The leg to Waunfawr leaves Llanberis through its narrow streets, following a lane high up above the village. This is also part of the North Wales Pilgrim’s Way which continues along good forest tracks and lanes which take you to a footpath down into Waunfawr.
An overview of the section by Vicky Anne Jones (also includes Waunfawr to Rhyd Ddu)
Leave the High Street by way of Lon Ty Du, to follow the lanes and the North Wales Pilgrims’ Path onto the hillside high above the village.
Then follow a wide track, passing through forestry and quarry workings, before joining a narrow lane. Follow the lane and field paths into Waunfawr, where Antur Waunfawr has a café. Refreshments and camping are available at the Snowdonia Park Inn.
Note: Bullet point no 1 on page 40 of the earliest edition of the guidebook has an error. At the top, turn right then left to ascend….. This has been corrected in subsequent editions.
Along the way
These quarries operated from the 1700s to 1930. The Lower Quarry was acquired by the Air Ministry in 1939 for munitions storage of some 18,000 tons of explosives in a two storey structure. They occupied the site until 1961. A major collapse of the building buried 14,000 tons of munitions, along with a 27 wagon train which was in the process of unloading. After the war, the RAF School of Explosives used the site for training purposes, detonating bombs within the quarry. In 1969, clearance of the site began, an operation which lasted for nearly six years.
North Wales Pilgrims' Way
The Pilgrim’s Way is a walking route of over 130 miles. Basingwerk Abbey, which served as a hospital to pilgrims going to Holywell in medieval times, marks its start.

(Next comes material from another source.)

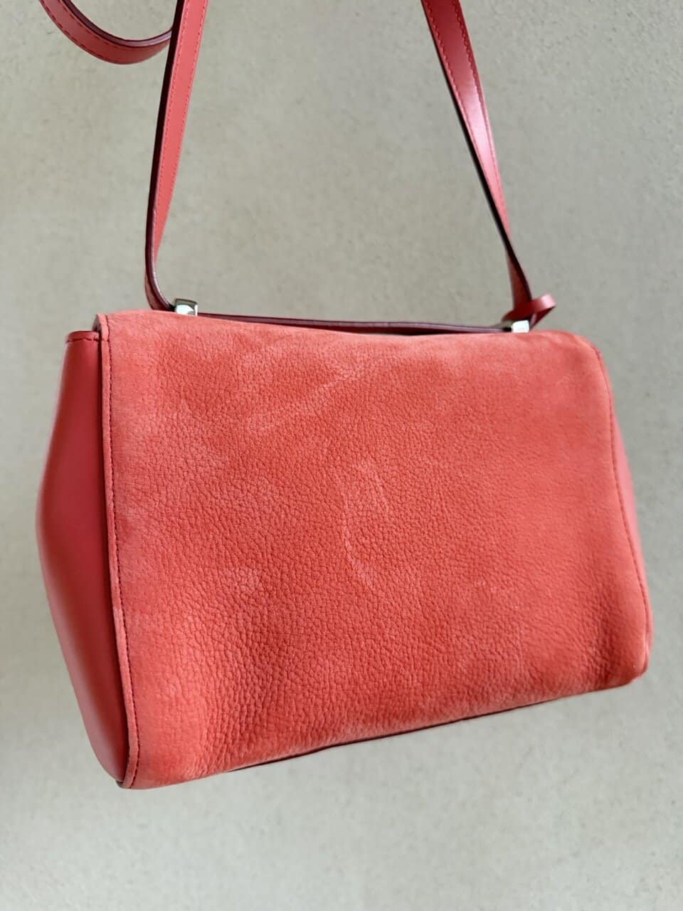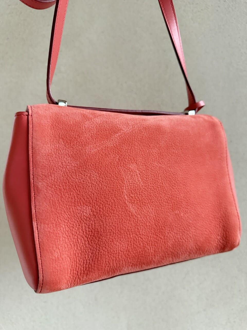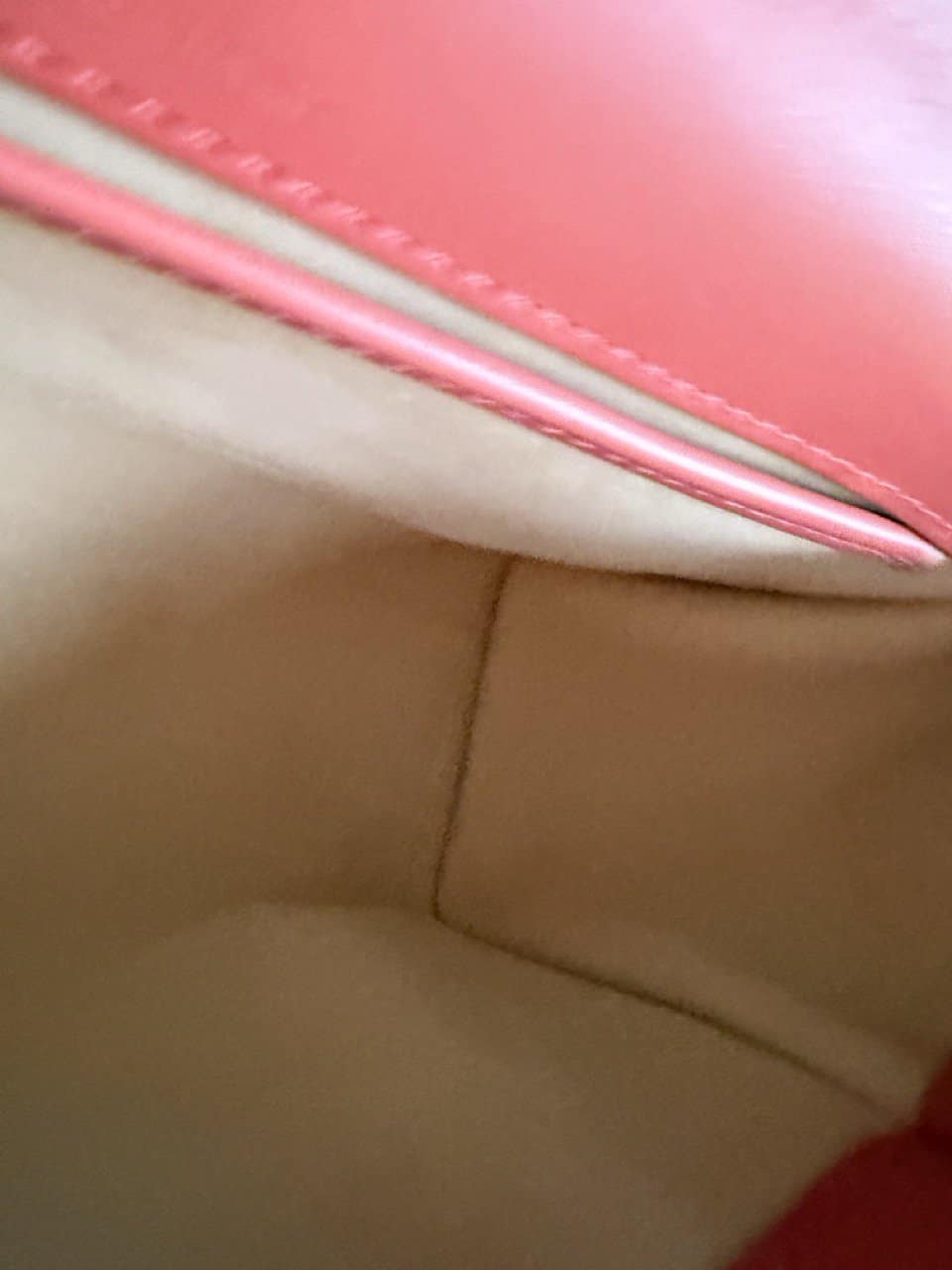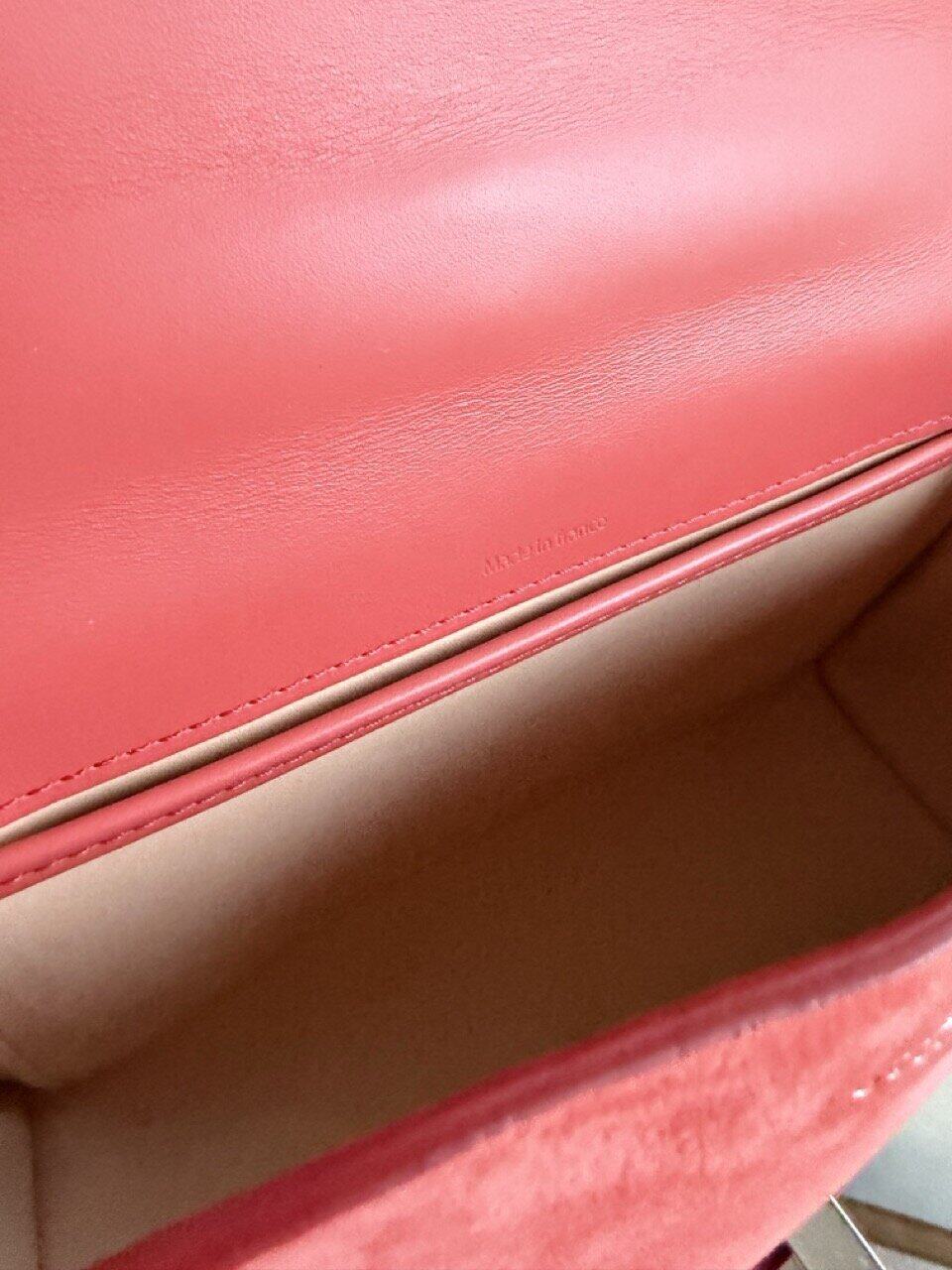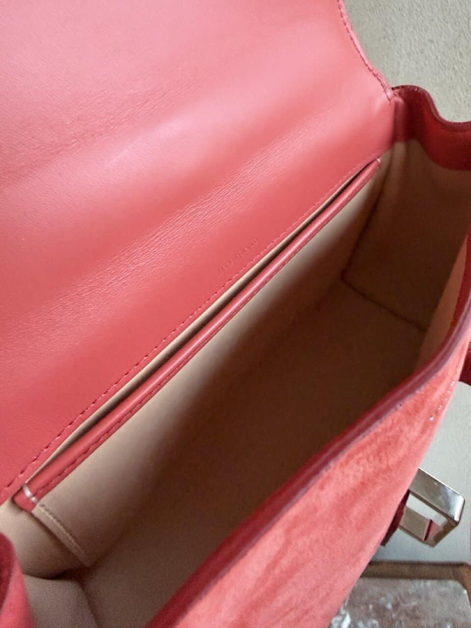 Het interieur is uitgevoerd in nude calf en is zo zacht dat je het bijna niet voelt. Binnenin is er een extra steekzakje naast het grote compartiment. Je draagt hem over de schouder of als crossbody (hij valt lang). Of je lust hem door en draagt hem aan de hand.
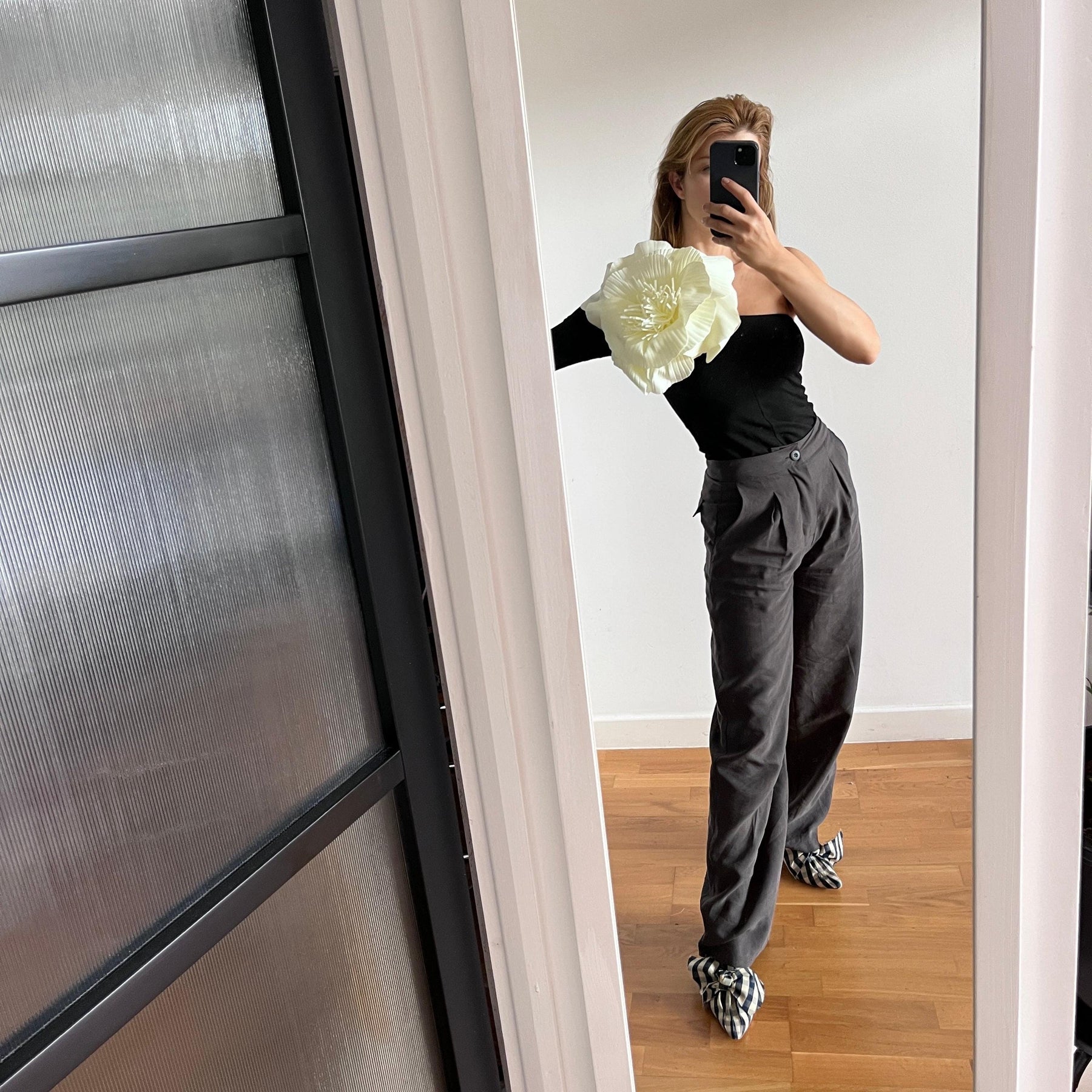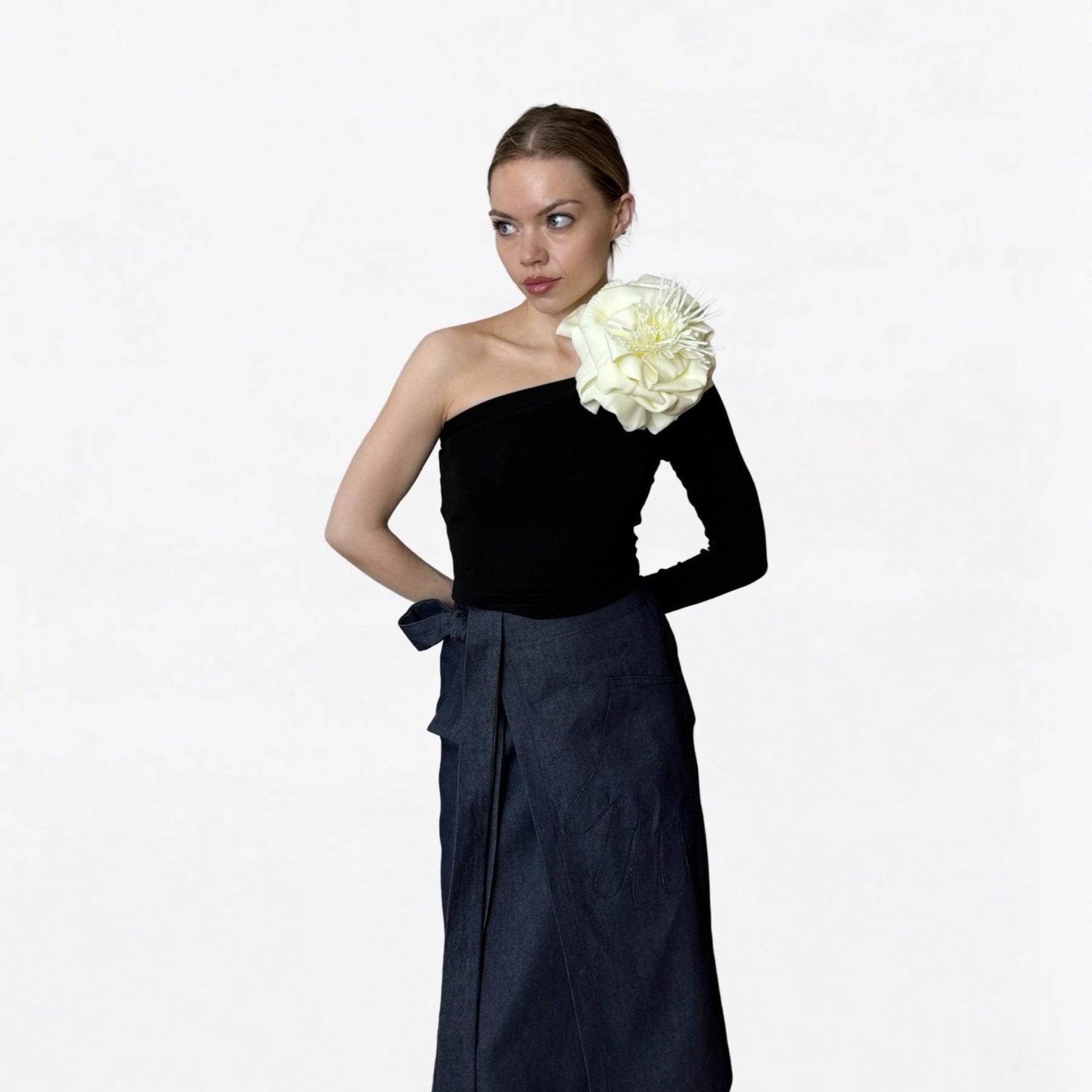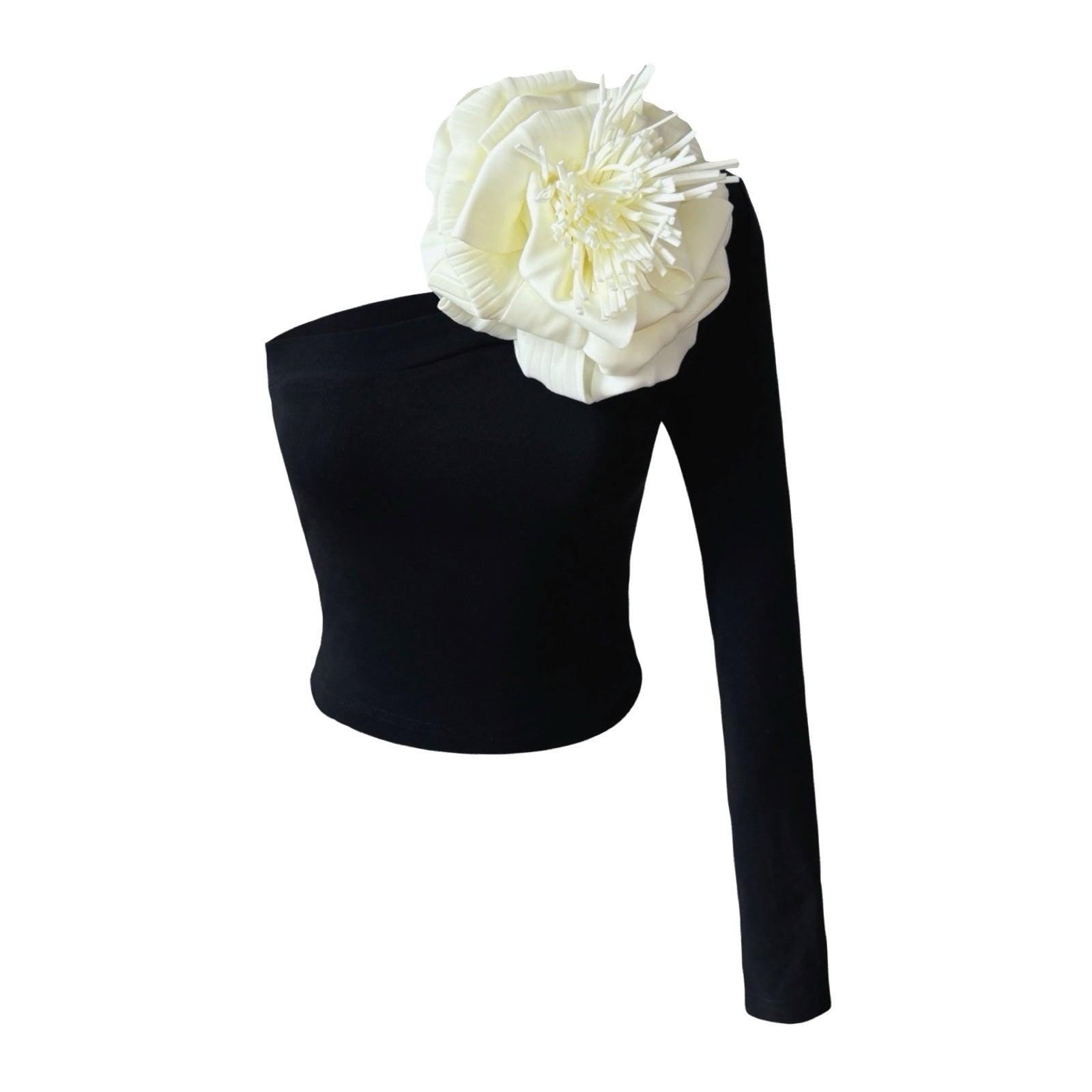 Black top with a single sleeve, featuring a statement white flower pin that can be shaped and detached. Made from heavyweight jersey cotton that holds its shape while staying comfortable.

The route celebrates the heritage of those Celtic saints whose stories are lost in the mists of time but whose memory reverberates in ancient churches and at holy wells along the way.
Tiny stone churches nestled into the hills provide shelter and rest along the Way, much as they would have done in the past.
There is much to see, including the 12 foot high cross at Maen Achwyfan – 1,000 years old, carved with Celtic knotting and still standing enigmatic and isolated in the middle of a field, with its mix of Christian and pagan symbols. Also, the Way passes well-preserved stone circles above the Conwy valley.
To cross the sea in an open boat and finally to arrive on Bardsey Island is the pinnacle of the experience.
Snowdon Mountain Railway
Plans for a railway up Snowdon from Llanberis were first proposed by Sir Richard Moon, Chairman of the London & North Western Railway, after a branch line from Bangor to Llanberis had been completed in 1869, met with stiff opposition from the landowner George William Duff Assheton-Smith. However, plans in 1877 to promote a railway from Porthmadog to the summit of Snowdon, and the opening of a narrow-gauge railway to Rhyd Ddu in 1881, led to a significant loss of trade to Llanberis.
This prompted Assheton-Smith to change his mind and Sir Richard got his way, The Snowdon Mountain Tramroad and Hotels Company Ltd. was formed, and the scene was set for one of the world’s great feats of engineering to begin in 1894.
150 men with picks, shovels and dynamite built two viaducts, carved out a 100-metre cutting from solid rock, constructed several bridges and laid almost eight kilometres of track up a one-in-seven gradient to the top of a mountain – all in 14 months.
A patented rack-and-pinion (cog) railway system, perfected by Dr. Roman Abt, was reliably working in the Swiss Alps and on the Manitou & Pike’s Peak railway in America. There were no other likely contenders and Abt’s system is the one still working today. So why not buy the locomotives from the same source? Of the original Swiss-built steam locos, four are still chugging up and down the mountain today. It has been calculated that No. 2 locomotive, Enid, has covered a distance 3,075,200 kilometres, equal to four journeys to the moon and back, since entering service in 1896.